*PROBLEM REQUIREMENTS:*
Repeat exactly the lines of the records below, starting at the line containing "3/4的美国消费者仍然喜欢线" and ending at the line containing "Many capped looks". Leave the pictures out.

*PROVIDED MATERIAL:*

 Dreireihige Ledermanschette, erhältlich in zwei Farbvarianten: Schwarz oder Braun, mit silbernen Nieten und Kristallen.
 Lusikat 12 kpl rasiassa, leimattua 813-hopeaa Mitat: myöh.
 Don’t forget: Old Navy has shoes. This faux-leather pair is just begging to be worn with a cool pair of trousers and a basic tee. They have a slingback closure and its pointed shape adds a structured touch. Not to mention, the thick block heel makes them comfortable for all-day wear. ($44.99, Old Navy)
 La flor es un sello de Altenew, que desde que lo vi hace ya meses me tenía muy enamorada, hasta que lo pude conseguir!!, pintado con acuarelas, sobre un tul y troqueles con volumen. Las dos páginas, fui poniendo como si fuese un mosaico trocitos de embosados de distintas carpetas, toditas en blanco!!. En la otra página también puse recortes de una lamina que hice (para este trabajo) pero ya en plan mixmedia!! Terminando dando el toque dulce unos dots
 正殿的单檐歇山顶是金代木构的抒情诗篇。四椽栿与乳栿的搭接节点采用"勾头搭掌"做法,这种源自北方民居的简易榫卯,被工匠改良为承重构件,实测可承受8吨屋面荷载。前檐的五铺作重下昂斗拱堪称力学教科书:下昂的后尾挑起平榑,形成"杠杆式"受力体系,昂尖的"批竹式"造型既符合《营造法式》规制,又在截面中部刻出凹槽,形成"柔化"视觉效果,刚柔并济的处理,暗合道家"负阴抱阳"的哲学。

---

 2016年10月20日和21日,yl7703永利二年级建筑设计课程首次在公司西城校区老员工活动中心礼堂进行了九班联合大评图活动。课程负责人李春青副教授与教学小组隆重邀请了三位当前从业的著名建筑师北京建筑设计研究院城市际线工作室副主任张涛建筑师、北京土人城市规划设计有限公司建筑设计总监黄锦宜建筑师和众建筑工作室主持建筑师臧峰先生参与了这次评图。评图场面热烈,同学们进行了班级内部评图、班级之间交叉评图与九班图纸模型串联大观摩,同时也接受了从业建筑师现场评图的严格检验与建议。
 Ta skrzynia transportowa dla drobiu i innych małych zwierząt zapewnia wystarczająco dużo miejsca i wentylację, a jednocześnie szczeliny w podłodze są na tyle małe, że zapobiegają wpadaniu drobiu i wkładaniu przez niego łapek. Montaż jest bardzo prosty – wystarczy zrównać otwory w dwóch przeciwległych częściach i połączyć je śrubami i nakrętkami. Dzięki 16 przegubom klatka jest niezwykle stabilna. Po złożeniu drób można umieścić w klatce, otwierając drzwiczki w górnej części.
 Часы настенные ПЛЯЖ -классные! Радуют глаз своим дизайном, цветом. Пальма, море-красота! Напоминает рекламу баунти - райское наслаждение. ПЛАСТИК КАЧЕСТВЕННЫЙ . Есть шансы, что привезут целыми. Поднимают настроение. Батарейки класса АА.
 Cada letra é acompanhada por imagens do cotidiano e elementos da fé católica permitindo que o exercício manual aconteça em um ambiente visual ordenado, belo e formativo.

* * *

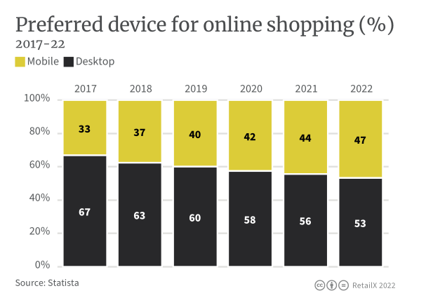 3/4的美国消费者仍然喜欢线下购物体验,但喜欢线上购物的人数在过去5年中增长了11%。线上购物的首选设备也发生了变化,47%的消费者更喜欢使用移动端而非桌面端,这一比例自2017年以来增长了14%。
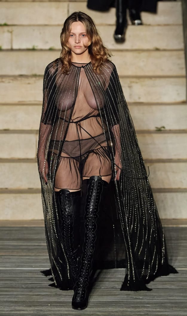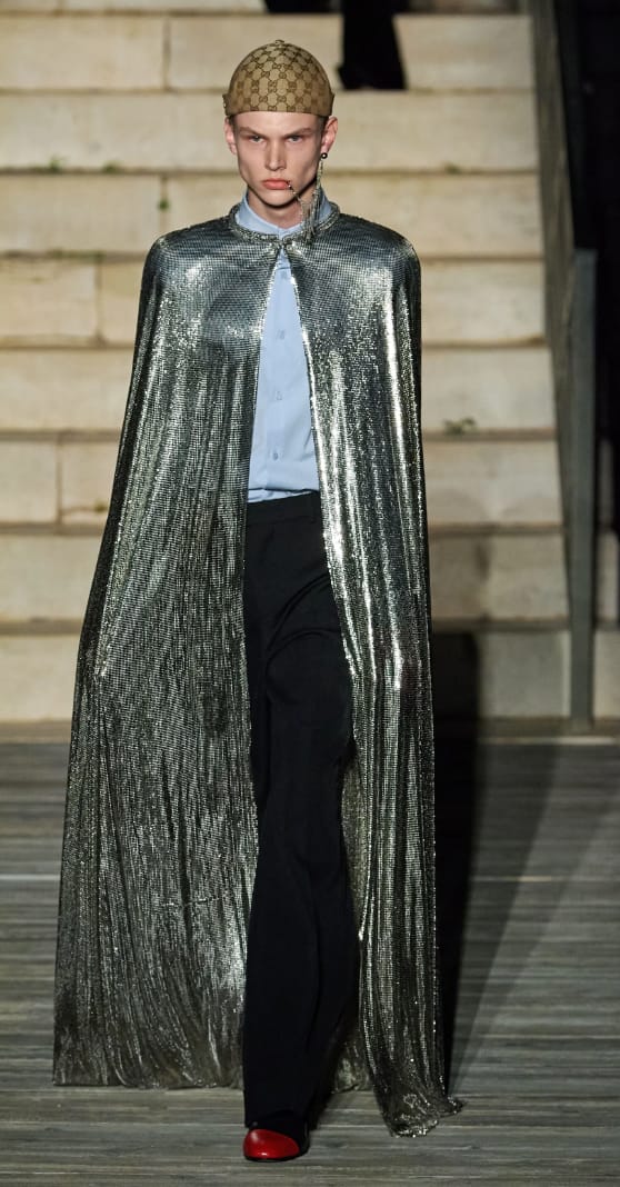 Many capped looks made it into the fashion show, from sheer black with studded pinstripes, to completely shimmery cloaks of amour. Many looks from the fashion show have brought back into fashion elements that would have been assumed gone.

*TASK RESULT:*
 3/4的美国消费者仍然喜欢线下购物体验,但喜欢线上购物的人数在过去5年中增长了11%。线上购物的首选设备也发生了变化,47%的消费者更喜欢使用移动端而非桌面端,这一比例自2017年以来增长了14%。
 Many capped looks made it into the fashion show, from sheer black with studded pinstripes, to completely shimmery cloaks of amour. Many looks from the fashion show have brought back into fashion elements that would have been assumed gone.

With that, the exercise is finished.